Il libro in questione si intitola La libertà e i suoi traditori (Adelphi 2005) e raccoglie la trascrizione di sei lezioni radiofoniche, ognuna dedicata a un diverso pensatore: Helvétius, Rousseau, Fichte, Hegel, Saint-Simon, De Maistre. È leggendo quella su Rousseau che nella mia mente si è creato un corto circuito tra il filosofo ginevrino, da un lato, la piattaforma di Casaleggio, che usurpa il suo nome, dall’altro, e l’opportuno pamphlet pubblicato dal costituzionalista Francesco Pallante nelle Vele Einaudi dal titolo Contro la democrazia diretta (2020).
Qual è, si chiede Berlin, la visione di Rousseau? È «l’enigmatico assunto della coincidenza di autorità e libertà». Rousseau avanza «gradatamente verso la singolare idea che ciò che occorre sono uomini che vogliono essere legati l’uno all’altro nella maniera in cui lo Stato forzosamente li lega». Sentiamo ancora Berlin: «Costringere un uomo a essere libero significa costringerlo a essere razionale. Un uomo libero è un uomo che ottiene ciò che vuole; e ciò che realmente vuole è un fine razionale. Se non vuole un fine razionale, non si può dire che voglia davvero; se non vuole un fine razionale, ciò che vuole non è una vera libertà, ma una falsa libertà. Io lo costringo a fare certe cose che lo renderanno felice. E se mai scoprirà in che cosa consista il suo vero io, me ne sarà grato: sta qui il nocciolo di questa famosa dottrina, e dopo Rousseau non c’è stato in Occidente un solo dittatore che non abbia utilizzato questo mostruoso paradosso per giustificare il suo comportamento. I giacobini, Robespierre, Hitler, Mussolini, i comunisti: tutti hanno utilizzato il tipo di ragionamento che consiste nel dire che gli uomini non sanno che cosa realmente vogliono, e che quindi volendolo per loro, volendolo per conto loro noi gli diamo ciò che in qualche senso occulto, senza saperlo, essi stessi “in realtà” vogliono». E ancora: «È questa la dottrina centrale di Rousseau, ed è una dottrina che conduce a una vera e propria servitù; e per questa via dalla divinizzazione della nozione di libertà assoluta finiamo gradatamente con l’arrivare alla nozione di un assoluto dispotismo».

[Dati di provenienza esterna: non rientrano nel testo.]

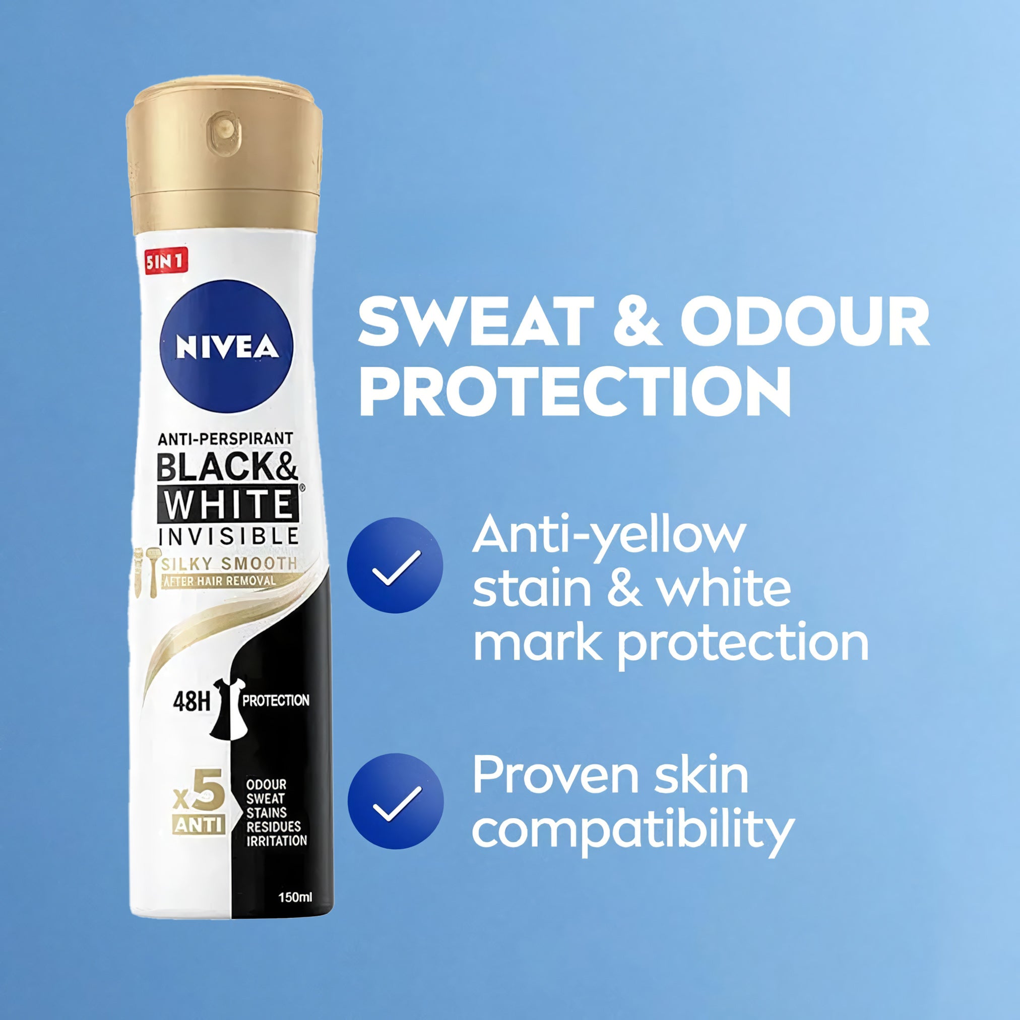 NIVEA Black & White Invisible Silky Smooth Anti-Perspirant Spray – 150ml

Così, la scelta dei Cinque Stelle di chiamare Rousseau la loro piattaforma decisionale (ancora per poco, a leggere le cronache di questi giorni) assume una luce sinistra, ma tutt’altro che incoerente con le pulsioni giacobine dei loro inizi. L’idea cioè che il movimento sia tutto e che la volontà dell’organismo collettivo prevalga sulle sfumature e le opinioni del singolo membro del movimento. Esso, non a caso, si è battuto (contro l’articolo 67 della Costituzione) per instaurare il vincolo di mandato parlamentare. A queste considerazioni, a mio avviso, ben si accompagna Contro la democrazia diretta di Pallante, che con rigore e chiarezza ci spiega come in una democrazia, il momento più importante non sia tanto quello della decisione (e dunque il momento del voto) ma quello della deliberazione, ove si argomentano le diverse opinioni in merito a una decisione. Momento di arricchimento e comprensione delle diverse posizioni in gioco.